GitBox Fri, 21 Feb 2020 15:58:22 -0800

robdiciuccio opened a new issue #9190: [SIP-39] Global Async Query Support
URL: https://github.com/apache/incubator-superset/issues/9190
 
 
   ## [SIP-39] Global Async Query Support
   
   ### Motivation
   
   - Loading time on dashboards with many charts is excessive due to the number 
of concurrent connections to the server.
   - Synchronous connections left open waiting for result data to be returned 
block other requests to the server.
   - Browsers limit the number of concurrent connections to the same host to 
six, causing bottlenecks.
   - Some of this bottleneck is currently mitigated via the dashboard tabs 
feature, which defers loading of charts in background tabs. This lazy-loading 
could also be applied to charts outside of the viewport.
   - [There is a proposal for SQL Lab to move away from tabs in the 
UI](https://github.com/apache/incubator-superset/issues/8655), altering the 
current async query polling mechanisms.
   - Provide a standardized query interface for dashboards, charts and SQL Lab 
queries.
   
   ### Proposed Change
   
   Provide a configuration setting to enable async data loading for charts 
(dashboards, Explore) and SQL Lab. Instead of multiple synchronous requests to 
the server to load dashboard charts, we issue async requests to the server 
which enqueue a background job and return a job ID. A single persistent 
websocket connection to the server is opened to listen for results in a 
realtime fashion.
   
   ## Websockets via a sidecar application
   
   **Pros**
   
   - Excellent websocket browser support
   - Realtime synchronous communication channel
   - Browser connections limits not an issue ([255 in 
Chrome](https://bugs.chromium.org/p/chromium/issues/detail?id=429419))
   - Supports bi-directional communication (possible future use cases)
   - Authentication/authorization via initial HTTP request that is then 
upgraded to a WSS connection.
   
   **Cons**
   
   - Minor modifications to proxies, load balancers to support websocket 
connections
       - Sticky sessions not required at the load balancer if the reconnection 
story is sound
   - Requires persistent connection to the server for *each tab*
       - 
[SharedWorker](https://developer.mozilla.org/en-US/docs/Web/API/SharedWorker) 
also evaluated, but support is lacking
   - AWS "Classic" ELB [does not support 
Websockets](https://aws.amazon.com/elasticloadbalancing/features/). Requires 
use of NLB (TCP) or ALB in AWS environments.
   
   ![Superset async query arch - Websockets v2 
(2)](https://user-images.githubusercontent.com/296227/75080027-9f84f900-54bf-11ea-8494-ebd531e33450.png)
   
   ### Approach
   
   Each open tab of Superset would create a unique "channel" ID to subscribe 
to.

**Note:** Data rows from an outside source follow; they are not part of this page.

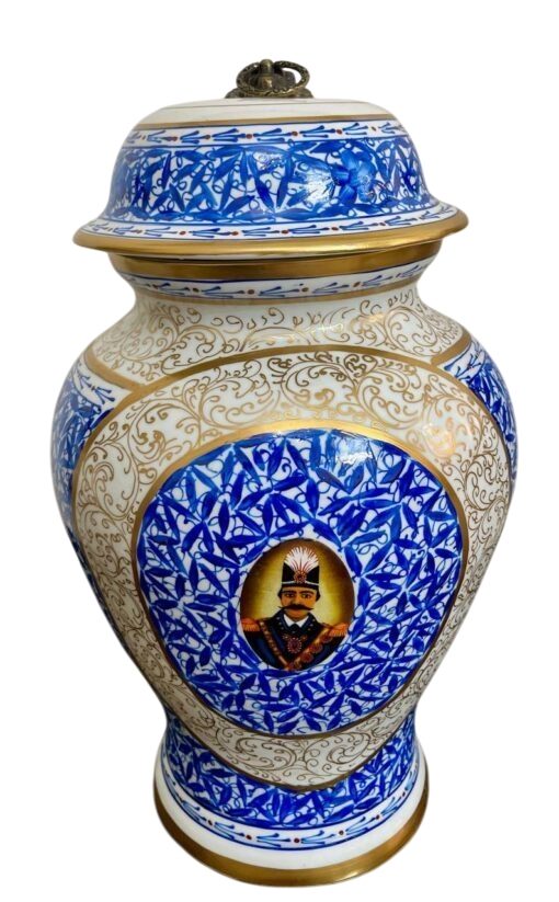 جینجرجار چینی قلم آبی طلاکوب بزرگ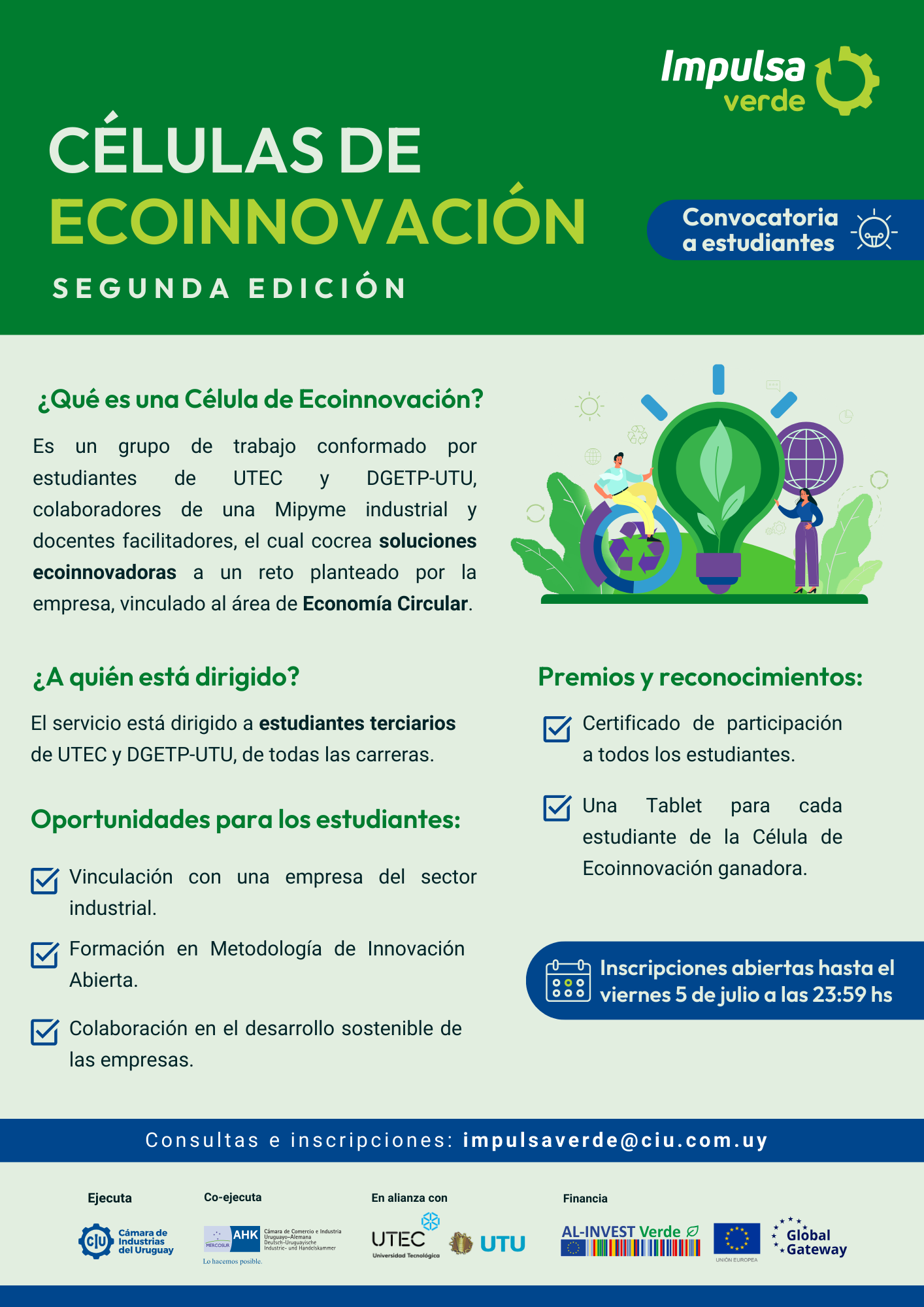 El Departamento de Jóvenes Emprendedores invita a estudiantes de Educación Terciaria, de todas las carreras, a formar parte de un grupo de trabajo junto a docentes facilitadores y colaboradores de Mipyme Industrial para crear soluciones a desafíos planteados por las empresas. Las inscripciones se recepcionan hasta el viernes 5 de julio a través del siguiente mail: impulsaverde@ciu.com.uy Las propuestas deben ser ecoinnovadoras y tener en cuenta la economía circular: sin impacto negativo en el ambiente, optimizar los recursos y minimizar la generación de residuos.
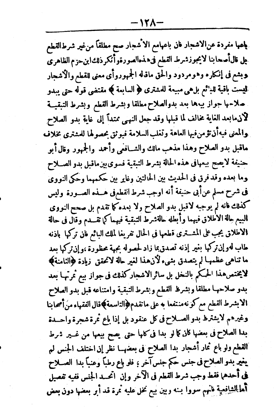 ـــــــــــــــــــــــــــــQبَاعَهَا مُفْرَدَةً عَنْ الْأَشْجَارِ فَإِنْ بَاعَهَا مَعَ الْأَشْجَارِ صَحَّ مُطْلَقًا مِنْ غَيْرِ شَرْطِ الْقَطْعِ بَلْ قَالَ أَصْحَابُنَا لَا يَجُوزُ شَرْطُ الْقَطْعِ فِي هَذِهِ الصُّورَةِ، وَأَنْكَرَ ذَلِكَ ابْنُ حَزْمٍ الظَّاهِرِيُّ وَبَشَّعَ فِي إنْكَارِهِ وَهُوَ مَرْدُودٌ وَالْحَقُّ مَا قَالَهُ الْجُمْهُورُ، وَأَيُّ مَعْنًى لِلْقَطْعِ وَالْأَشْجَارُ لَيْسَتْ بَاقِيَةً لِلْبَائِعِ بَلْ هِيَ مَبِيعَةٌ لِلْمُشْتَرِي. {السَّابِعَةُ} مُقْتَضَى قَوْلِهِ حَتَّى يَبْدُوَ صَلَاحُهَا جَوَازُ بَيْعِهَا بَعْدَ بُدُوِّ الصَّلَاحِ مُطْلَقًا وَبِشَرْطِ الْقَطْعِ وَبِشَرْطِ التَّبْقِيَةِ؛ لِأَنَّ مَا بَعْدَ الْغَايَةِ مُخَالِفٌ لِمَا قَبْلَهَا وَقَدْ جَعَلَ النَّهْيَ مُمْتَدًّا إلَى غَايَةِ بُدُوِّ الصَّلَاحِ وَالْمَعْنَى فِيهِ أَنْ تُؤْمَنَ فِيهَا الْعَاهَةُ وَتَغْلِبَ السَّلَامَةُ فَيُوثَقَ بِحُصُولِهَا لِلْمُشْتَرِي بِخِلَافِ مَا قَبْلَ بُدُوِّ الصَّلَاحِ وَهَذَا مَذْهَبُ مَالِكٍ وَالشَّافِعِيِّ وَأَحْمَدَ وَالْجُمْهُورِ وَقَالَ أَبُو حَنِيفَةَ لَا يَصِحُّ بَيْعُهَا فِي هَذِهِ الْحَالَةِ بِشَرْطِ التَّبْقِيَةِ فَسَوَّى بَيْنَ مَا قَبْلَ بُدُوِّ الصَّلَاحِ وَمَا بَعْدَهُ وَقَدْ فَرَّقَ فِي الْحَدِيثِ بَيْنَ الْحَالَتَيْنِ وَغَايَرَ بَيْنَ حُكْمِهِمَا وَحَكَى النَّوَوِيُّ فِي شَرْحِ مُسْلِمٍ عَنْ أَبِي حَنِيفَةَ أَنَّهُ أَوْجَبَ شَرْطَ الْقَطْعِ فِي هَذِهِ الصُّورَةِ وَلَيْسَ كَذَلِكَ فَإِنَّهُ لَمْ يُوجِبْهُ لَا قَبْلَ بُدُوِّ الصَّلَاحِ وَلَا بَعْدَهُ كَمَا تَقَدَّمَ بَلْ صَحَّحَ النَّوَوِيُّ الْبَيْعَ حَالَةَ الْإِطْلَاقِ فِيهِمَا، وَأَبْطَلَهُ حَالَةَ شَرْطِ التَّبْقِيَةِ فِيهِمَا كَمَا تَقَدَّمَ وَقَالَ فِي حَالَةِ الْإِطْلَاقِ يَجِبُ عَلَى الْمُشْتَرِي قَطْعُهَا فِي الْحَالِ تَفْرِيغًا لِمِلْكِ الْبَائِعِ فَإِنْ تَرَكَهَا بِإِذْنِهِ طَابَ لَهُ، وَإِنْ تَرَكَهَا بِغَيْرِ إذْنِهِ تَصَدَّقَ بِمَا زَادَ لِحُصُولِهِ بِجِهَةٍ مَحْظُورَةٍ، وَإِنْ تَرَكَهَا بَعْدَ مَا تَنَاهَى عِظَمُهَا لَمْ يَتَصَدَّقْ بِشَيْءٍ؛ لِأَنَّ هَذَا لِغَيْرِ حَالَةٍ لَا تُحَقِّقُ زِيَادَةً.

A websocket connection is established with the standalone websocket server 
as an HTTP request that is then upgraded to `wss://` if authentication with the 
main Flask app is successful. Requests for charts or queries in SQL Lab are 
sent via HTTP to the Flask web app, including the tab's channel ID. The server 
enqueues a celery job and returns a job ID to the caller. When the job 
completes, a notification is sent over the WSS connection, which triggers 
another HTTP request to fetch the cached data and display the results.
   
   **Why a separate application?**
   
   The current Flask application is not well suited for persistent websocket 
connections. We have evaluated several Python and Flask-based solutions, 
including [flask-SocketIO](https://flask-socketio.readthedocs.io/en/latest/) 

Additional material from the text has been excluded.